Page MenuHomePhabricator

[grabbers] PHP Fatal error: Out of memory in mediawikibot.class.php
Closed, ResolvedPublic

Description

With

php grabText.php --url=http://wikihow.com/api.php

I got

PHP Fatal error:  Out of memory (allocated 1851260928) (tried to allocate 32 bytes)

in mediawikibot.class.php.

This wiki is rather huge with about 3.5M pages (I was hoping to have better success than with dumpgenerator.py), is there any way to limit the amount of data stored in RAM?


Version: unspecified
Severity: major

Details

Reference
bz58531

Event Timeline

bzimport raised the priority of this task from to Medium.Nov 22 2014, 2:25 AM
bzimport set Reference to bz58531.
bzimport added a subscriber: Unknown Object (MLST).

How far did the script make it? What was the last output it gave before running out of memory?

(In reply to comment #1)

How far did the script make it? What was the last output it gave before
running
out of memory?

260k pages in ns0, then a count for the next ns and presumably it was getting titles for the third.
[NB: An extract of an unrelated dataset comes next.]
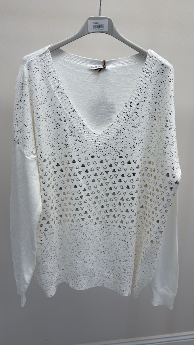 Son col V joliment travaillé met en valeur le décolleté sans être trop plongeant, offrant une touche féminine et flatteuse. Le devant du pull se distingue par un imprimé de petits cœurs délicatement contrastés, qui apporte une note romantique et tendance sans surcharger la pièce. L’ensemble est subtilement équilibré par un effet moucheté sur le reste du pull, donnant du relief et une allure moderne à ce modèle grande taille.

So it looks like it's running out of memory to store the initial list before it starts grabbing the pages (workflow being that it gets the list of namespaces, then gets the list of pages, and then gets the revisions themselves and inserts everything into the database)? That would certainly understandable at these sizes, so it should probably... what, be writing the page list to a temp file or something?

What's the best practice here? What should it be doing?

I think we should insert into the database in batches so we don't have to store everything in memory, just a few parts.

Change 105153 had a related patch set uploaded by Legoktm:
grabText: Don't store entire list of pages in memory

https://gerrit.wikimedia.org/r/105153

Change 105153 merged by Jack Phoenix:
grabText: Don't store entire list of pages in memory

https://gerrit.wikimedia.org/r/105153

Can somebody confirm this is FIXED by the commit in comment 6?
Nemo?

I don't know, my local checkout no longer works. Tentatively closing.